According to the filing, the sale was executed to satisfy tax withholding obligations associated with the vesting of restricted stock. Following this disposition, Gahlhoff directly holds 328,386 shares of Rollins common stock, a figure that includes both restricted and unrestricted shares. He additionally retains an indirect interest in 1,583 shares through a 401(k) plan.
In a separate corporate update, Rollins has declared its regular quarterly cash dividend of $0.1825 per share. The dividend will be payable on March 10, 2026, to shareholders of record as of February 25, 2026.
Analyst coverage of Rollins ahead of the company’s fourth-quarter earnings release shows a range of views and revised targets:
- UBS raised its price target to $65 while maintaining a Neutral rating, citing a balanced risk/reward profile.

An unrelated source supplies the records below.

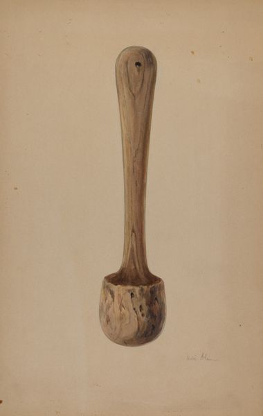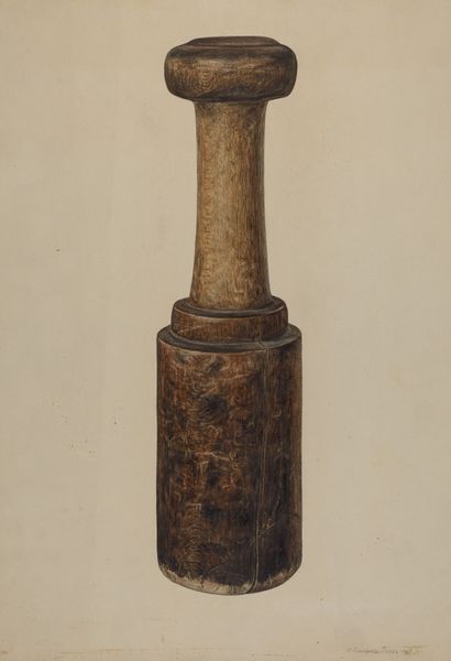 Curator: There's a quiet solemnity to this work, don't you think? It's a charcoal and pencil drawing titled "Potato Masher," created around 1940 by Luther D. Wenrich. Editor: I do see it. There is something so stoic about it, a monument to the mundane. The vertical composition immediately directs the eye upwards, segmenting into rhythmic anatomical details... Curator: The potato masher as a humble artifact, imbued with significance beyond its utilitarian function. The form certainly echoes architectural or even figural archetypes across many eras, doesn’t it? Perhaps a link to the act of nurturing and transformation... Editor: It’s clearly a realism, but there is such formal focus here. The way Wenrich articulates the gradations of light across the curved surfaces is truly admirable. You can almost feel the texture of the wood. The shadow details suggest a very intentional geometric interplay. Curator: Yes, the interplay of light and shadow contributes to its sense of timelessness. Beyond being just a utensil, this becomes a symbol of the past, domesticity and memory itself. Perhaps something that calls for our appreciation to the rituals that bond humans, especially those associated with family heritage. Editor: Agreed, it transcends mere representation, doesn't it? This is an interesting perspective on the power of everyday objects, how the seemingly ordinary carries significant visual, and even philosophical, weight when looked at from a design aspect. Curator: The artist gives significance and transforms it, that otherwise mundane artifact. It becomes part of the collective experience. Editor: Indeed, after all, it certainly prompts a consideration for what lies just beyond the purely visible and reminds us of what makes up our reality as a constructed experience, from function to memory and more.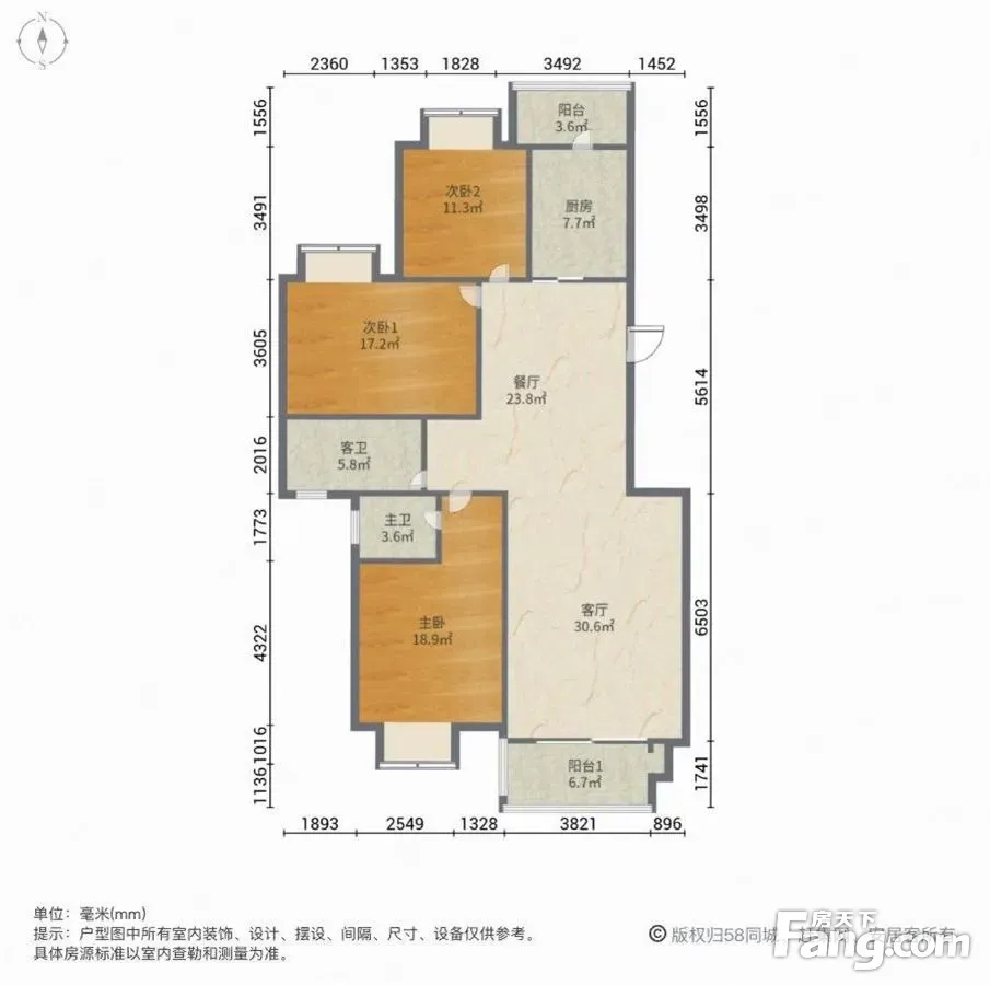 拥有超高的绿化率,堪称天然氧吧,有客户称在此园居住能多活几十年。园区有专门到达公交车站,旁边有,周边正规划建配套设施 巨大。 房源介绍:这套房子是朝向南北的3室2厅2卫,户型超好,大厅主卧朝向合理,每个房间都很大,客厅空间很大,特别敞亮,看过房子的客户清楚;房子保养的非常好,采光相当好,从太阳升起来到落下一直都有采光;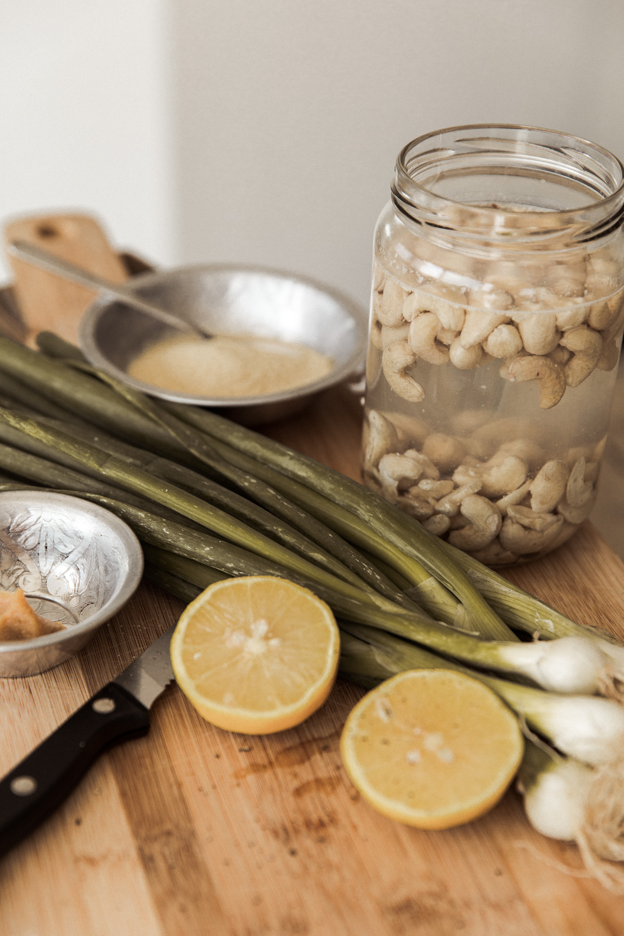 - Die Cashews für 4-10 Stunden in Wasser einweichen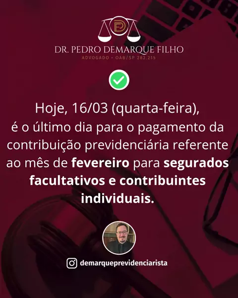 Hoje, 16/03 (quarta-feira), é o último dia para o pagamento da contribuição previdenciária referente ao mês de fevereiro. Manter os recolhimentos em dia é essencial para garantir sua proteção e o tempo de contribuição para o INSS. Não deixe o prazo passar e evite multas! Que seja uma semana abençoada para todos! Pedro Demarque Filho Advogado Especialista em Aposentadorias OAB/SP 282.215 WhatsApp: (17) 98815-8434 #filmepremiado #inss #advogado #kwai #informaçao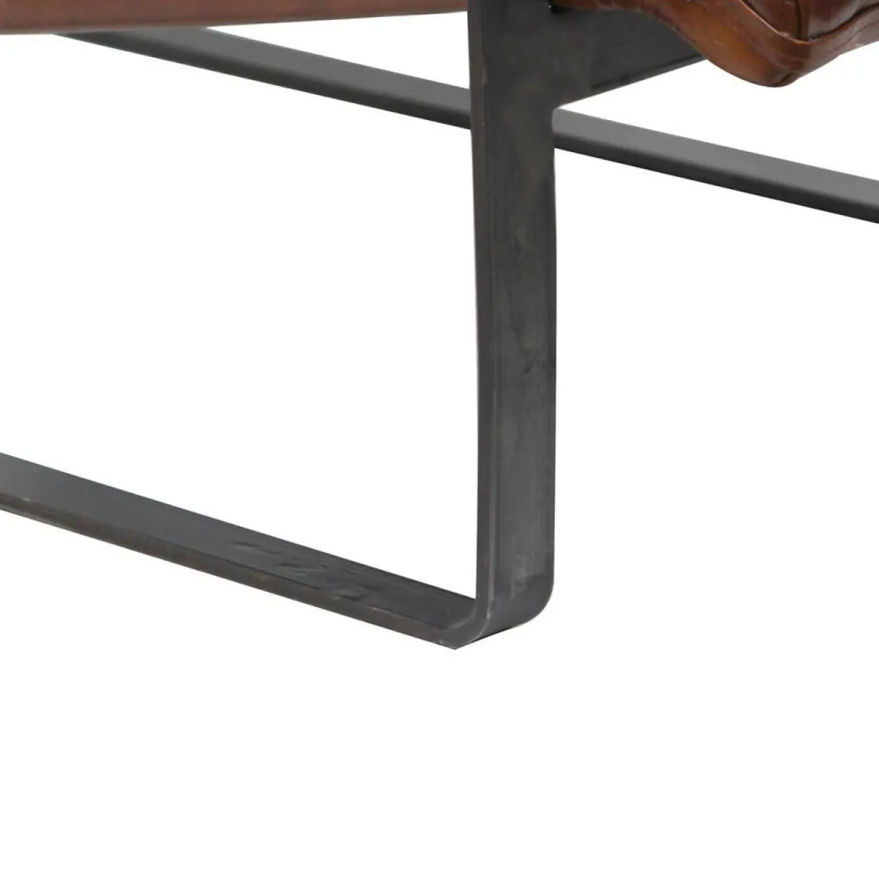 Le piétement en métal avec une finition en peinture poudrée noire ajoute une touche de modernité et de sophistication à l’ensemble, créant un contraste élégant avec le cuir marron riche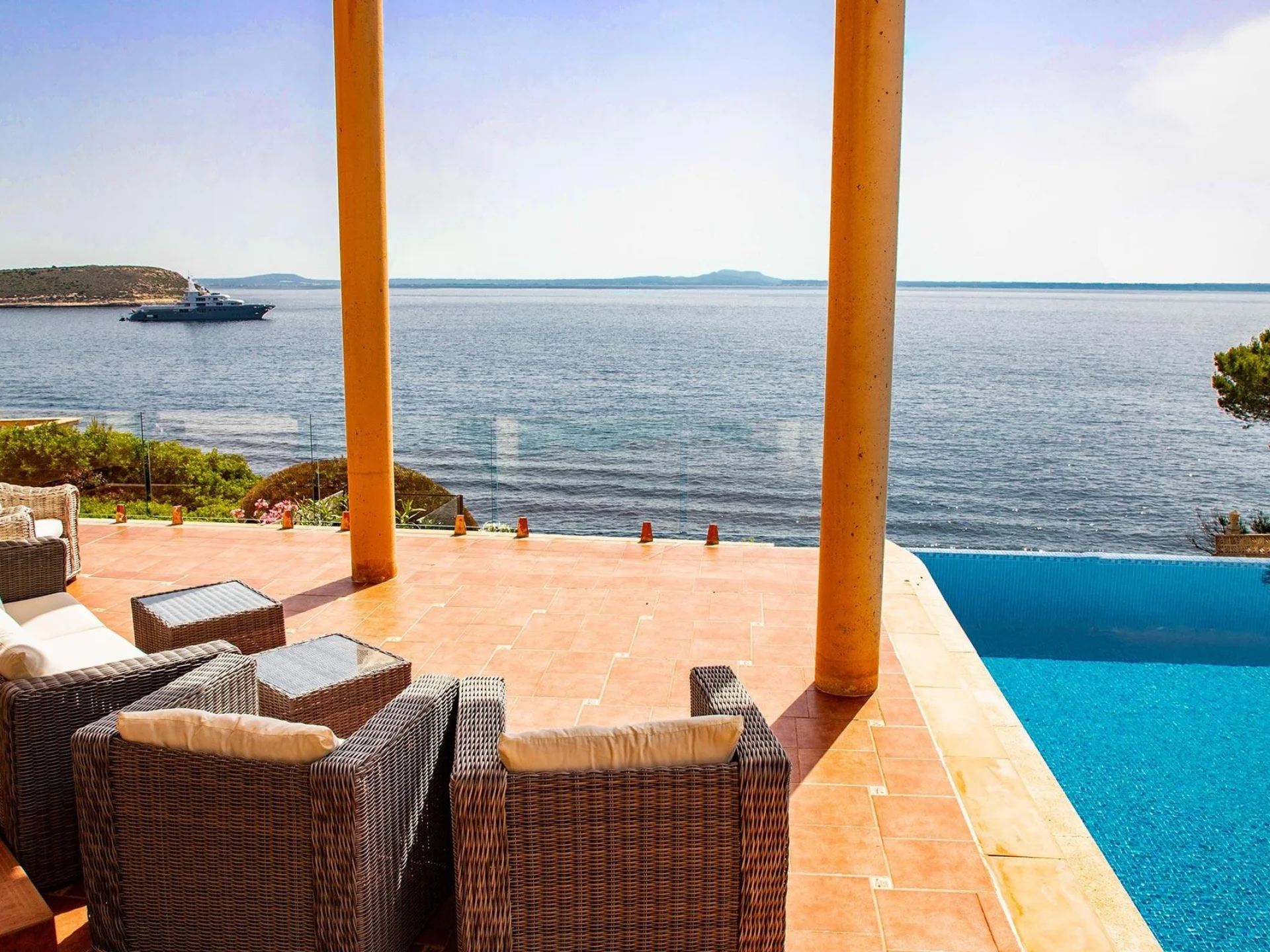 With its elevated seafront position and light-filled architecture, Villa Juan Carlos is a refined Mediterranean retreat designed for privacy, comfort, and uninterrupted sea views. Contemporary in style yet warm in atmosphere, the villa blends clean lines with generous volumes, allowing the surrounding landscape and horizon to take centre stage.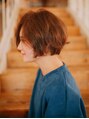 大人っぽい印象のボブショート。前髪を長めにする事で大人の色気がある雰囲気に◎縦、横、後ろからのシルエットがひし形に作ることで頭の形を綺麗に見せる黄金比に!

- RBC Capital lifted its price target to $70 and carries an Outperform rating, anticipating steady growth in both residential and commercial services.
- Morgan Stanley upgraded Rollins from Equalweight to Overweight and set a price target of $72, pointing to strong growth and resilient demand for pest services.
- Canaccord Genuity kept a Hold rating with a $55 price target following a meeting with Rollins management.
The filings and analyst notes together present varied expectations for Rollins’ near-term performance and growth trajectory. The insider sale described in the SEC filing reflects a tax-related liquidity event rather than an open-market liquidation tied to the CEO’s changing ownership position.
Given the specific details disclosed in the Form 4 and the array of analyst updates, market participants have concrete items to weigh: the CEO’s retained ownership, the company’s dividend timetable, and divergent broker views going into the quarterly report.